Performance of the beta distribution is comparable to performance of the gamma distribution when examined against the transformed data. It seems to provide a reasonable fit to the transformed data. The lognormal distribution would appear to fit the transformed data better. But there is absolutely no a priori reason to think that a lognormal distribution would be appropriate AND the lognormal distribution does not have finite range which is suspected here. Thus, reason for choosing the lognormal distribution is based only on empirical best fit evidence rather than any theoretic arguments. In sample data (particularly if the sample size is small), it should not be surprising to find that the true theoretical distribution is not the best fitting distribution.

I specified parameters theta and sigma of the beta distribution. (Note that theta=0 is the default and didn't really need to be specified above). The beta distribution also has two additional shape parameters, alpha and beta. The relationship between alpha and beta determines both skewness and kurtosis. If beta>alpha, the distribution is skewed right. If alpha>beta, the distribution is skewed left. It may be observed from the estimates provided by the code above that these shape parameters are simply swapped when the transformed data is modeled instead of the sample data. That is, alpha(X)=beta(Y) and beta(X)=alpha(Y) where (X) and (Y) indicate modeling of variables X and Y, respectively.

There is much more that could be written on the beta distribution. But I think the above is sufficient for the problem given here. Hope this is of interest to some.

2. Kailyn Bare on

Hi Dr. Wicklin,

Thank you very much for this post. I have been searching for the most appropriate way to handle my data in preparation for regression analysis, and this seems like a great option. My outcome variables (and their residuals) are negatively skewed beyond what would be appropriate for analysis. I am using multiple imputation, so I don't feel comfortable doing a log-transformation because I am concerned about introducing bias in the imputation. Based on this post, I think my best bet will be to reverse code all of my predictor and outcome variables (so that interpretation will be more intuitive). I will then create generalized linear models and specify a gamma distribution, which will account for the skewness of the now positively coded variables. I am doing my analyses in R rather than SAS but I believe the principles still apply. I considered the advice of the commenter above but I don't think beta analyses will be appropriate for me given my outcome variable is not conceptualized as a proportion or percentage.
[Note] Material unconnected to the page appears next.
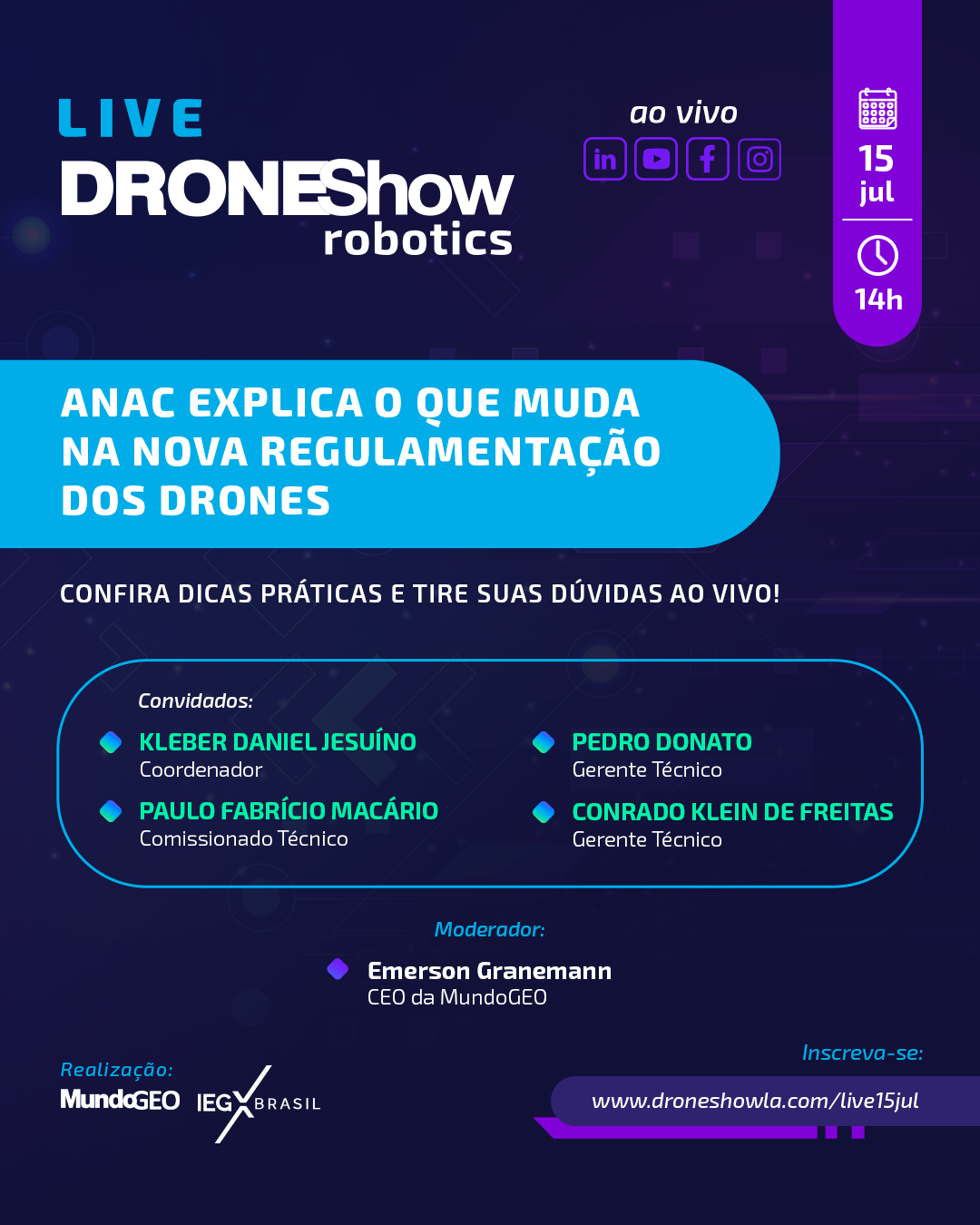 A live ANAC explica o que muda na nova Regulamentação dos Drones será realizada em 15 de julho às 14h (hora de Brasília), com transmissão no YouTube, Linkedin, Facebook e Instagram.

I am curious whether you have a publication I can cite that recommends this approach or if you are aware of an article that has implemented this method. I am looking for something to cite in my thesis as an example of why this approach is necessary.

Thank you again,

Kailyn Bare

• Wicklin, Rick (2016), “Sometimes You Need to Reverse the Data before You Fit a Distribution,” The DO Loop, 2 Nov. 2016, blogs.sas.com/content/iml/2016/11/02/reverse-data-before-fit-distribution.html.